*PROMPT:* Skip pictures in the listing below; copy exactly the lines from the one with "BLT Pasta Salad with" through the one with "2022.9.15 18:30 EURAUD ロング +73.5pips", inclusive.

*INFORMATION GIVEN:*
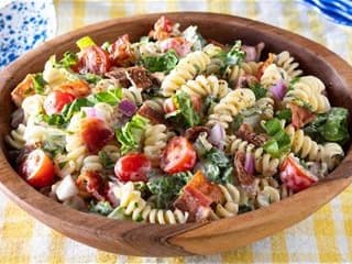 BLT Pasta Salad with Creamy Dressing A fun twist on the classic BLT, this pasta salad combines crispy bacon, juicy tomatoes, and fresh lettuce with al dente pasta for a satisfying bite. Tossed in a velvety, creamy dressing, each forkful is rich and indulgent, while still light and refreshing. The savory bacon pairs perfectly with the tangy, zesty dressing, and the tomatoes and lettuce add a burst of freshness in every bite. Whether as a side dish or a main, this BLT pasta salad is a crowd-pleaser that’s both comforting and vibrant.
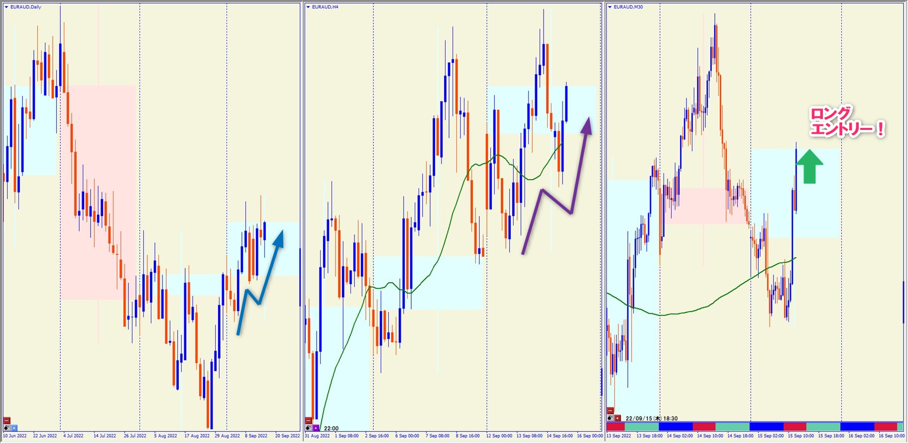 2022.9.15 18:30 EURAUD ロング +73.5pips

---

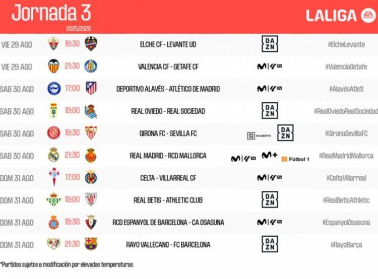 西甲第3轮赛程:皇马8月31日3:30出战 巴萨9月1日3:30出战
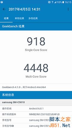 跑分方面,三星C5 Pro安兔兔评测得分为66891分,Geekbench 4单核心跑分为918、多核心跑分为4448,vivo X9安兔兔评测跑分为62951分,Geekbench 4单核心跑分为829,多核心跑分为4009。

...

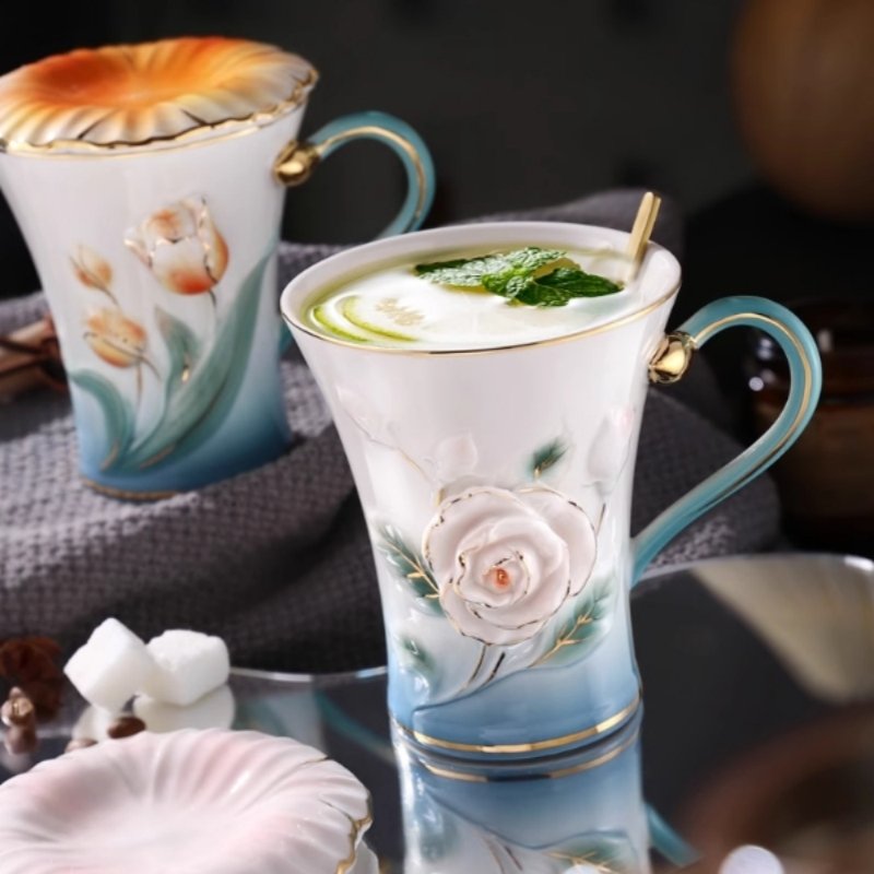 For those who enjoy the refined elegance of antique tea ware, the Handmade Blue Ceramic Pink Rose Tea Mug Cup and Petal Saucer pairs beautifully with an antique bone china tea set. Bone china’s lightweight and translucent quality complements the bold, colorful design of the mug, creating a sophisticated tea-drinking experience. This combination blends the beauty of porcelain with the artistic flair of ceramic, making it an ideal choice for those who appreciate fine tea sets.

*ANSWER SPACE:*
 BLT Pasta Salad with Creamy Dressing A fun twist on the classic BLT, this pasta salad combines crispy bacon, juicy tomatoes, and fresh lettuce with al dente pasta for a satisfying bite. Tossed in a velvety, creamy dressing, each forkful is rich and indulgent, while still light and refreshing. The savory bacon pairs perfectly with the tangy, zesty dressing, and the tomatoes and lettuce add a burst of freshness in every bite. Whether as a side dish or a main, this BLT pasta salad is a crowd-pleaser that’s both comforting and vibrant.
 2022.9.15 18:30 EURAUD ロング +73.5pips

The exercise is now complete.